- Work to complete:
In the entries below, find the line with "Part. Esfoliazione Parapetti" and the line with "Rezultat sodelovanja Gorenja". Return those two lines and all lines between them, exactly.

- Dataset:
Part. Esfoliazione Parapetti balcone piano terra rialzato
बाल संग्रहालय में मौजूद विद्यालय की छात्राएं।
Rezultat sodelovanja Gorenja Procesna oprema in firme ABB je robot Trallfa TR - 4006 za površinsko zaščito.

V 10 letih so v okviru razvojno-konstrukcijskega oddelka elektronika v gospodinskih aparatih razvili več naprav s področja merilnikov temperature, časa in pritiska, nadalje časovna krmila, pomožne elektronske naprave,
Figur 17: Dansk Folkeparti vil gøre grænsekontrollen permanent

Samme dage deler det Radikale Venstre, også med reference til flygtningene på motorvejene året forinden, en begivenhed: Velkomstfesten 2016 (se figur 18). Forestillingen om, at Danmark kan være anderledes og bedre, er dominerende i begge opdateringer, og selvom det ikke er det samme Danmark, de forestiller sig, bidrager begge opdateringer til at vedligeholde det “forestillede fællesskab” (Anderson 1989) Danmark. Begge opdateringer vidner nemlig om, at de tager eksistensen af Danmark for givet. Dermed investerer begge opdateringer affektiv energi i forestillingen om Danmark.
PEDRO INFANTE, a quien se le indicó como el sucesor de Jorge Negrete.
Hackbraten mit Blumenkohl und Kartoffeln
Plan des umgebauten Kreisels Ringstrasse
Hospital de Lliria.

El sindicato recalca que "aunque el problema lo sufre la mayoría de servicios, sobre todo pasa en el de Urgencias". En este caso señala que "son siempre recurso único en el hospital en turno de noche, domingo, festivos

...

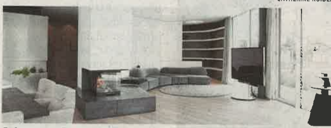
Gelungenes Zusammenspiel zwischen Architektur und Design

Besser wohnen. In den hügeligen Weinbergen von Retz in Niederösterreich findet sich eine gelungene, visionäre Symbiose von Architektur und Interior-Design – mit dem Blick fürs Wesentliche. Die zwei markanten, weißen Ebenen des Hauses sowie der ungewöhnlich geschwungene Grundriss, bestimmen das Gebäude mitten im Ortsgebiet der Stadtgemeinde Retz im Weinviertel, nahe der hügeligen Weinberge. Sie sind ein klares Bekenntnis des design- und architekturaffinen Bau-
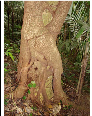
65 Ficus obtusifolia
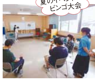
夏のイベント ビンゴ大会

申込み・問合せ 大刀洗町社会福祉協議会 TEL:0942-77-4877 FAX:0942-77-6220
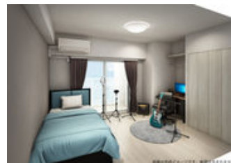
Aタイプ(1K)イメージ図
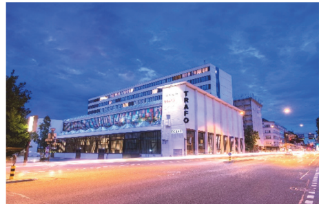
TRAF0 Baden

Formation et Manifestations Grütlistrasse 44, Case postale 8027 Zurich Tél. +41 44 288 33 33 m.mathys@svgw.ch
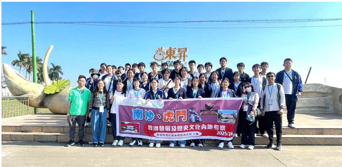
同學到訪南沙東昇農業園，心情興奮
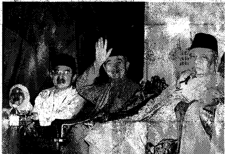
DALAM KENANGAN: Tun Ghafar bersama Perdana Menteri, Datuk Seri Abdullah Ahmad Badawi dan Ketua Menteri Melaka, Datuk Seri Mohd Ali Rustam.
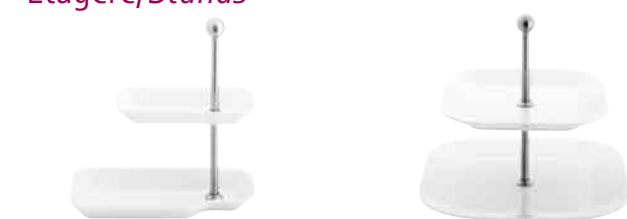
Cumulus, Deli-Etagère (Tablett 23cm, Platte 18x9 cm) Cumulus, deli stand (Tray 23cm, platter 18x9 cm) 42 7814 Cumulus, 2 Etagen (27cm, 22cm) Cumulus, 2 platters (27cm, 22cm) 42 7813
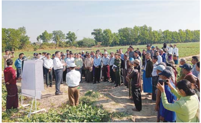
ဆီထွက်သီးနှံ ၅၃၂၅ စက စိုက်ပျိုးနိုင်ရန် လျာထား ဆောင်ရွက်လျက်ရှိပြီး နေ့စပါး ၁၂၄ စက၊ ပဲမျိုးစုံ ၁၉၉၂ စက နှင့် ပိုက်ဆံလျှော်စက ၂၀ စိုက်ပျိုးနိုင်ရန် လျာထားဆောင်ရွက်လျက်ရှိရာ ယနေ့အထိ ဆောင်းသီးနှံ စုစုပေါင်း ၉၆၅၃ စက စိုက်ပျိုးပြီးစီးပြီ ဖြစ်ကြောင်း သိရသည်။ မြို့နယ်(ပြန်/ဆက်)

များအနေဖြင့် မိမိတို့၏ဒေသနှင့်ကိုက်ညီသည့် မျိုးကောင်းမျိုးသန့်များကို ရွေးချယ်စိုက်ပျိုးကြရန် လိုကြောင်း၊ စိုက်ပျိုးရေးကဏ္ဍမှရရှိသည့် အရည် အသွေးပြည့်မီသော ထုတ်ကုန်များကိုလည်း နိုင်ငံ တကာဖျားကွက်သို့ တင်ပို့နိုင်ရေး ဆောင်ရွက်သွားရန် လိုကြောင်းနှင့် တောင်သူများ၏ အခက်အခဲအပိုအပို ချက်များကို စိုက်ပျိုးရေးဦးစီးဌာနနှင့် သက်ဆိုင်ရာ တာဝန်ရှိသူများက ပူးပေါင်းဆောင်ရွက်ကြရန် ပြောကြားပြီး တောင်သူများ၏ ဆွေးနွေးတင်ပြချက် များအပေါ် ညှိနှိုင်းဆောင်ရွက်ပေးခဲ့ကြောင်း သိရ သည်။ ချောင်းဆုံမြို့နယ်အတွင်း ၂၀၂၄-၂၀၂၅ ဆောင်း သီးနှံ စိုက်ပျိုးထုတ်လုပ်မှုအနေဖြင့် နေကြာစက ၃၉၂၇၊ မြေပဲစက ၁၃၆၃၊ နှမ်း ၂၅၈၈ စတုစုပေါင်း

- Response for this exercise:
Part. Esfoliazione Parapetti balcone piano terra rialzato
बाल संग्रहालय में मौजूद विद्यालय की छात्राएं।
Rezultat sodelovanja Gorenja Procesna oprema in firme ABB je robot Trallfa TR - 4006 za površinsko zaščito.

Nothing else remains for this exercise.